Mohammad Hossain*, Carlos E. Enci, Jonathan R. Dimmock and Umashankar Das Pages 1 - 12 ( 12 )
This review outlines the discovery and development of a novel series of 1-[4-2-aminoethoxy)phenylcarbonyl]- 3,5-bis-(benzylidene)-4-piperidones 5-8 as potential drug candidates over the last 15 years in our laboratory. Many of these compounds demonstrate excellent cytotoxic properties and are often more potent than contemporary anticancer drugs.
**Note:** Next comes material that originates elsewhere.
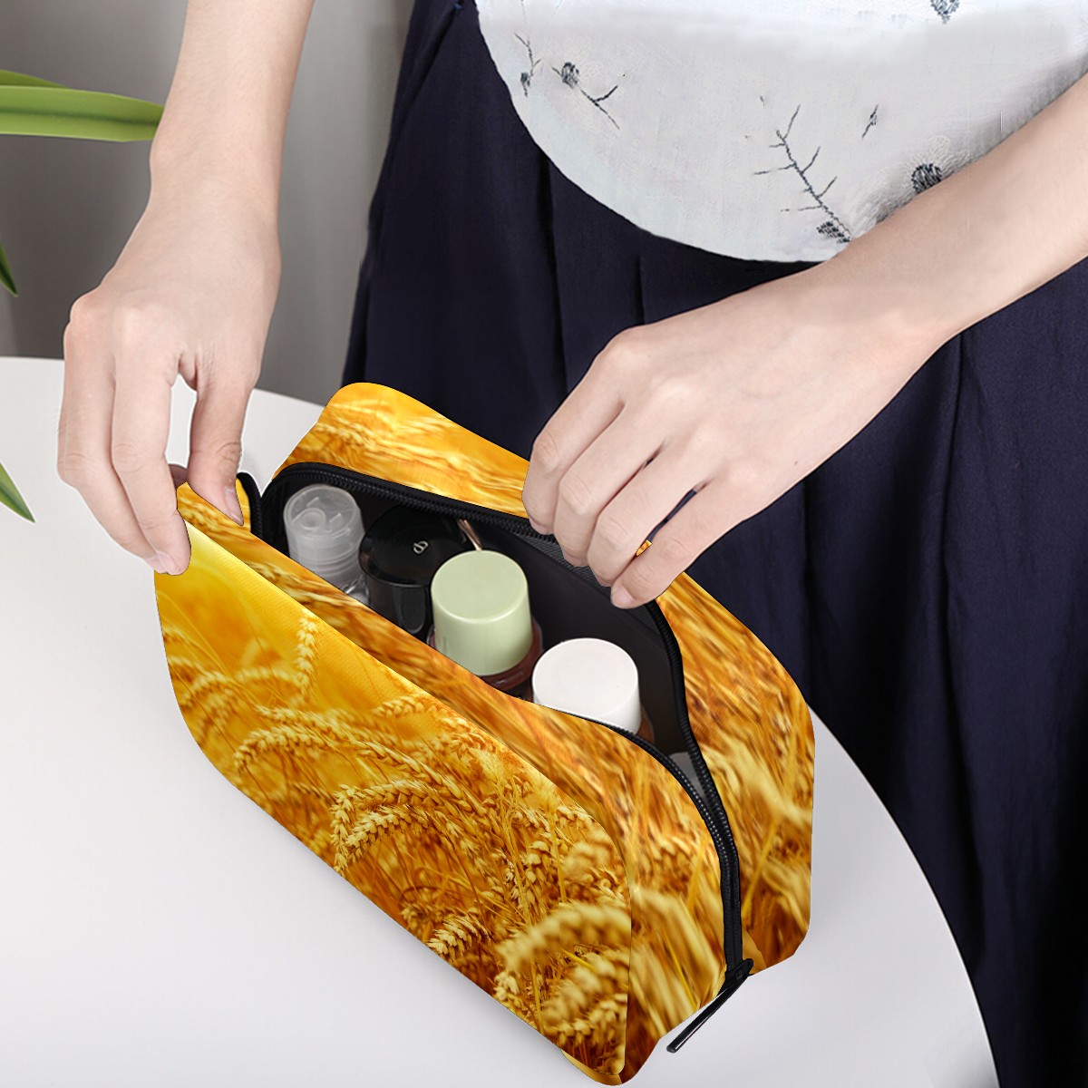 Cosmetic Bag for Women Girls Trave Makeup Bag Toiletry Case Pouch Accessories Organizer Golden Wheat Field

Two highly important features of many of these molecules are first, the greater tumour-selective toxicity and second, the ability of these molecules to act as modulators of multi-drug resistance. The modes of action of some of the potent compounds are by apoptosis induction, generation of reactive oxygen species, activation of certain caspases and affecting mitochondrial functions. These molecules also display promising antimalarial and antimycobacterial properties. In a short term toxicity study, these molecules are well tolerated in mice. Structure-activity relationships, and a drug delivery system along with pharmacokinetic studies and metabolic stability of these compounds have been presented. The positive characteristics associated the series 5-8 warrants their further evaluations as candidate antineoplastic drug candidates.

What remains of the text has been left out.